Share This Article
Quando vidi gli En Roco dal vivo per la prima volta, deliziosi e acerbi com’erano, mi rimase impresso un particolare: Enrico, il cantante che a fatica guardava il pubblico negli occhi, indossava una vecchia maglietta dei Jesus And Mary Chain. Un bel contrasto, per chi era seduto su uno sgabello colorato a cantare canzoni timide sorrette da chitarre acustiche e violini, frasi gentili e fuori tempo.
A distanza di tempo, l’anima più rock degli En Roco è venuta fuori con maggiore evidenza: lontani dal rigdo dettame acustico di “Prima di volare via”, “Occhi chiusi” ha un suono più corposo, fisico, dove riescono a emergere chitarre elettriche e ritmiche più sostenute.
Tredici canzoni dove la grazia dei primi tempi non è andata perduta, ma è coperta da una disillusione fortissima, mascherata da sorrisi amari; chiudere gli occhi diventa non un modo per sognare ed estraniarsi, ma per riflettere ancora più a fondo su un mondo che non si riconosce più: frasi come “siamo stanchi di sobrietà da cantare con energia” (“La denuncia”), o immagini come quella dell’istrione che sorride senza ricordare perché davanti alla gente intontita (“L’attore si è perso”) disegnano un piccolo mondo di pessimisno leggero, di fragilità.
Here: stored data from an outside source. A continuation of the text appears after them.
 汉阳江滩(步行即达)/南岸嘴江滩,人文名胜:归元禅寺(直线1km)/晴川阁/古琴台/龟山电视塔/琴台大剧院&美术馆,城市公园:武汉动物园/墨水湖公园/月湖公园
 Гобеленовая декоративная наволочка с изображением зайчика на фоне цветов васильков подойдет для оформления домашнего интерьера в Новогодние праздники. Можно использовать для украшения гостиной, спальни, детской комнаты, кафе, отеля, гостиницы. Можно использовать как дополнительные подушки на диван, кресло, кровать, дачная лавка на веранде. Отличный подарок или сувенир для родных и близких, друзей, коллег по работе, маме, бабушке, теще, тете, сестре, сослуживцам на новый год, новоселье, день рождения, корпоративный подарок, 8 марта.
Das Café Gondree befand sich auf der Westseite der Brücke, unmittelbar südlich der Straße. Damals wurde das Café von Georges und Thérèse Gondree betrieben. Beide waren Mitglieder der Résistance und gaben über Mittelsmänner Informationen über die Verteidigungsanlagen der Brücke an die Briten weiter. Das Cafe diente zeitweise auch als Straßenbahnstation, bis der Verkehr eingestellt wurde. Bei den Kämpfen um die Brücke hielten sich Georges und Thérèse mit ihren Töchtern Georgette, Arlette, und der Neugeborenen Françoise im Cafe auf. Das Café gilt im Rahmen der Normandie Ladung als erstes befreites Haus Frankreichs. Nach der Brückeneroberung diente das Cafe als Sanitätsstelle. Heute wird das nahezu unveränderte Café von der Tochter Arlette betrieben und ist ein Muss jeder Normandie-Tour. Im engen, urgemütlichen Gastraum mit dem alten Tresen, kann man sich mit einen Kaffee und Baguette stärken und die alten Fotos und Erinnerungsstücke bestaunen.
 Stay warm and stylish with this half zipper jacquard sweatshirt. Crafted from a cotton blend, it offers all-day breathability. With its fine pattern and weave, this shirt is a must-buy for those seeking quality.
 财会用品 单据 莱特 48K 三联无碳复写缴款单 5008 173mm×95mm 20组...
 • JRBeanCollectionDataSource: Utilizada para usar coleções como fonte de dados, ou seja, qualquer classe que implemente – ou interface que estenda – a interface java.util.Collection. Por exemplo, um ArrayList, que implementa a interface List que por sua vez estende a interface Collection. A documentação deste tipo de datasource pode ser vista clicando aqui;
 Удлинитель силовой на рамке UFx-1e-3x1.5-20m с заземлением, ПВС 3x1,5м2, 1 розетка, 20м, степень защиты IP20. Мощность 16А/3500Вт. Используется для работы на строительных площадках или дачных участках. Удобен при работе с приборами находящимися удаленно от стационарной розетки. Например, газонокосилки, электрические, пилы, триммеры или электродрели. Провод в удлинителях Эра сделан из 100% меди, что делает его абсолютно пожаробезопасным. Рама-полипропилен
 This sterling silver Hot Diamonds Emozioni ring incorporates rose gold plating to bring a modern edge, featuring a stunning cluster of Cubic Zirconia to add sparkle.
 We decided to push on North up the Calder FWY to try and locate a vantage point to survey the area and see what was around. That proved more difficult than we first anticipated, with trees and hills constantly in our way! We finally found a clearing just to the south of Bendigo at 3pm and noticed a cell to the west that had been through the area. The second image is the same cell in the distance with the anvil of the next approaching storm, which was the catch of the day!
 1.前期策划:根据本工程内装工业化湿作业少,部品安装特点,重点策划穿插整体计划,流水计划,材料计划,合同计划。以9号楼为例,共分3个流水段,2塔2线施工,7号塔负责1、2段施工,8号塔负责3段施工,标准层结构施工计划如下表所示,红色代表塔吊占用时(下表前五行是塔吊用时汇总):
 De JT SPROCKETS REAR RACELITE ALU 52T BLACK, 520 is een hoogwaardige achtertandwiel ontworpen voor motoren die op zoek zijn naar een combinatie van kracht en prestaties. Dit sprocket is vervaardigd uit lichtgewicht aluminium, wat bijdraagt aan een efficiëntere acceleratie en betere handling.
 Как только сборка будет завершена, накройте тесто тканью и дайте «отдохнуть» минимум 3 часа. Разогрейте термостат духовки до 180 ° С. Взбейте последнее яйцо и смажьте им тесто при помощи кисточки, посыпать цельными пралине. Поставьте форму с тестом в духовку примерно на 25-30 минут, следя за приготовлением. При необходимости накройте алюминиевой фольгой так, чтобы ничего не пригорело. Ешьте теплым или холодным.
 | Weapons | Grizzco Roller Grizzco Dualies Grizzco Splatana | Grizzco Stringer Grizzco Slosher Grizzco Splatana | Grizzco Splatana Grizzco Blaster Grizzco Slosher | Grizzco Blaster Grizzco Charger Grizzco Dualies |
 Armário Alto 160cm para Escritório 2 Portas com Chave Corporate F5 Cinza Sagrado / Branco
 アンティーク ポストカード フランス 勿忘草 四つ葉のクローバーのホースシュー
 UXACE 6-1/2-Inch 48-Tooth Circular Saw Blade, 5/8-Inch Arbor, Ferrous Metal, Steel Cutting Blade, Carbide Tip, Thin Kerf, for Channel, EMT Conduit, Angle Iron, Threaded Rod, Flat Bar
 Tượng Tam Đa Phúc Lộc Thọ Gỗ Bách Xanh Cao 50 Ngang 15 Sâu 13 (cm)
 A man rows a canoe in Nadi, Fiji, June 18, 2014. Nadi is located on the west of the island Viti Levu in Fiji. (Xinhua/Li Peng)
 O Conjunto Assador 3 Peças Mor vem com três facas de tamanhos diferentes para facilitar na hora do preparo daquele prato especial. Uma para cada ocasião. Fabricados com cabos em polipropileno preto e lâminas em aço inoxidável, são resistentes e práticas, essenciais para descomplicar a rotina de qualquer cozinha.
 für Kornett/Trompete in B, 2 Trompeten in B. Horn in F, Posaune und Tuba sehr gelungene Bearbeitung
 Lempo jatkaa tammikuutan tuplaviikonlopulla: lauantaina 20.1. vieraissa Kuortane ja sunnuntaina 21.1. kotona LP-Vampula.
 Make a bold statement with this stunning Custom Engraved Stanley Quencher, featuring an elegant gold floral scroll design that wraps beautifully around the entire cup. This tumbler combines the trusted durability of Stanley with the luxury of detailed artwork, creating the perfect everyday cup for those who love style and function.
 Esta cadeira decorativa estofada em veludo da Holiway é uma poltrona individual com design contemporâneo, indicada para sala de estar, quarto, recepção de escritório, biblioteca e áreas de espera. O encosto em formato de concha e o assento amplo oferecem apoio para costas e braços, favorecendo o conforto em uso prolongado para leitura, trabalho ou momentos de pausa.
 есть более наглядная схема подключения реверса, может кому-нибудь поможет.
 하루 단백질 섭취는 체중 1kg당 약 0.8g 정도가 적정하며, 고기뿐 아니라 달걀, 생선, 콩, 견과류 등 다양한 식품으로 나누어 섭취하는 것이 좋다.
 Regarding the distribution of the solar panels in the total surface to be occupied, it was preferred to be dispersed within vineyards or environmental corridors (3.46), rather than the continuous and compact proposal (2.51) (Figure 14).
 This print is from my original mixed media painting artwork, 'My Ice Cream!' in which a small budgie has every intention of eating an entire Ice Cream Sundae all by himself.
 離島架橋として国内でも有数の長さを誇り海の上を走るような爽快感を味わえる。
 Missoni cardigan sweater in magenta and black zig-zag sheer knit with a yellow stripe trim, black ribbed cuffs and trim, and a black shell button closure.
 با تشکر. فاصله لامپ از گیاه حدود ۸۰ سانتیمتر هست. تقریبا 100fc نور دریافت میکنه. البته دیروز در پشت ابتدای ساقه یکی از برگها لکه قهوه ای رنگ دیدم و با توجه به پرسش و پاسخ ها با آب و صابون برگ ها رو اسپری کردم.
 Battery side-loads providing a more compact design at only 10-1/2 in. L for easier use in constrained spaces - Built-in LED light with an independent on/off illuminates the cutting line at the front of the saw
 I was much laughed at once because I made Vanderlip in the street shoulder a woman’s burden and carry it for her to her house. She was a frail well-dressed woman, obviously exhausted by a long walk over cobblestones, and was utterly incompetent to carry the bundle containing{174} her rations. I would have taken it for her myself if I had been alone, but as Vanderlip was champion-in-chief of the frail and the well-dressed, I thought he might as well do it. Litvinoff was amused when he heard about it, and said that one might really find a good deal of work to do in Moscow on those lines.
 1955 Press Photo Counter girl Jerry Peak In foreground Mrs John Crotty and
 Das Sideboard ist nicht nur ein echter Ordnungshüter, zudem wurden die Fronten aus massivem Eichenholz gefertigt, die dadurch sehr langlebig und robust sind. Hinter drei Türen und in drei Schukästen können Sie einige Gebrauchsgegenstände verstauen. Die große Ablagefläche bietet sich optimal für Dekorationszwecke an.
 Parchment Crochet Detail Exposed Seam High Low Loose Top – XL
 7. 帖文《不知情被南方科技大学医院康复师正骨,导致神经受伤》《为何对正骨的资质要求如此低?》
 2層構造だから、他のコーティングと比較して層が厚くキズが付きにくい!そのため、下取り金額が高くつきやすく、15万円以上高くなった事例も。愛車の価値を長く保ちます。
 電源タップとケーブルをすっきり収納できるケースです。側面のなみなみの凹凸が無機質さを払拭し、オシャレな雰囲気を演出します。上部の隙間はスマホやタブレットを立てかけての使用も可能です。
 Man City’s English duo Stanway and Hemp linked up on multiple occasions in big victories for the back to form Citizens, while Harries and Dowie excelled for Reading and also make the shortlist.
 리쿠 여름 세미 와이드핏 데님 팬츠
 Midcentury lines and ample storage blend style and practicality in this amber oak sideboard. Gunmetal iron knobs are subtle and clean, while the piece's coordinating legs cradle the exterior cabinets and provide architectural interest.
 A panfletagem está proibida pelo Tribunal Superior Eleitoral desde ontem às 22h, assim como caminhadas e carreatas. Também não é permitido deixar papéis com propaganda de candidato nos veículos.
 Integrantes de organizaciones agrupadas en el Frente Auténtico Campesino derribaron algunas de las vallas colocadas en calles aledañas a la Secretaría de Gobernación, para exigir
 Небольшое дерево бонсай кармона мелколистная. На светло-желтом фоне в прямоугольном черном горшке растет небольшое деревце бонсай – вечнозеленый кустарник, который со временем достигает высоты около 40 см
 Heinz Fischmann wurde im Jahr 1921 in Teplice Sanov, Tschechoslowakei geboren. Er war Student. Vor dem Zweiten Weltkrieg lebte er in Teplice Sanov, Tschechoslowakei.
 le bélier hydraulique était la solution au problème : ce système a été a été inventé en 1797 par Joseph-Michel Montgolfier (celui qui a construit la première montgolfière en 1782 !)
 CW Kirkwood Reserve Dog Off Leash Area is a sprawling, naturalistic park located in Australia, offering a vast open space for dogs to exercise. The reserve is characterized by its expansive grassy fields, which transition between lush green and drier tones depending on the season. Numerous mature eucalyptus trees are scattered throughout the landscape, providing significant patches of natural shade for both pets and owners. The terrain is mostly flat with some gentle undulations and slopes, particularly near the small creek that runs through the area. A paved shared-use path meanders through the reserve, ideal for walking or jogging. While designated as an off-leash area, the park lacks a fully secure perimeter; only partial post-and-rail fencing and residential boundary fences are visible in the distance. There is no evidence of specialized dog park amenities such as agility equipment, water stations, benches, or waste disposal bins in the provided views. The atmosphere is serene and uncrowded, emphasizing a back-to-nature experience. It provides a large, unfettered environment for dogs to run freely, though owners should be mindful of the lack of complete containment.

“Occhi chiusi”, nonostante la breve durata, è un disco molto denso, dove le spinte rock di brani come “Giorni senza fretta” o “Tento la fortuna” (la densità del basso, l’elettrica a fremere in controluce) sono riportate alla melodia da una voce carezzevole, eppure impietosa con le parole che canta. Ammesso che questi cinque ragazzi non siano di questa età, (come cantano alla fine di “Occhi chiusi”) certo la sanno rappresentare molto bene.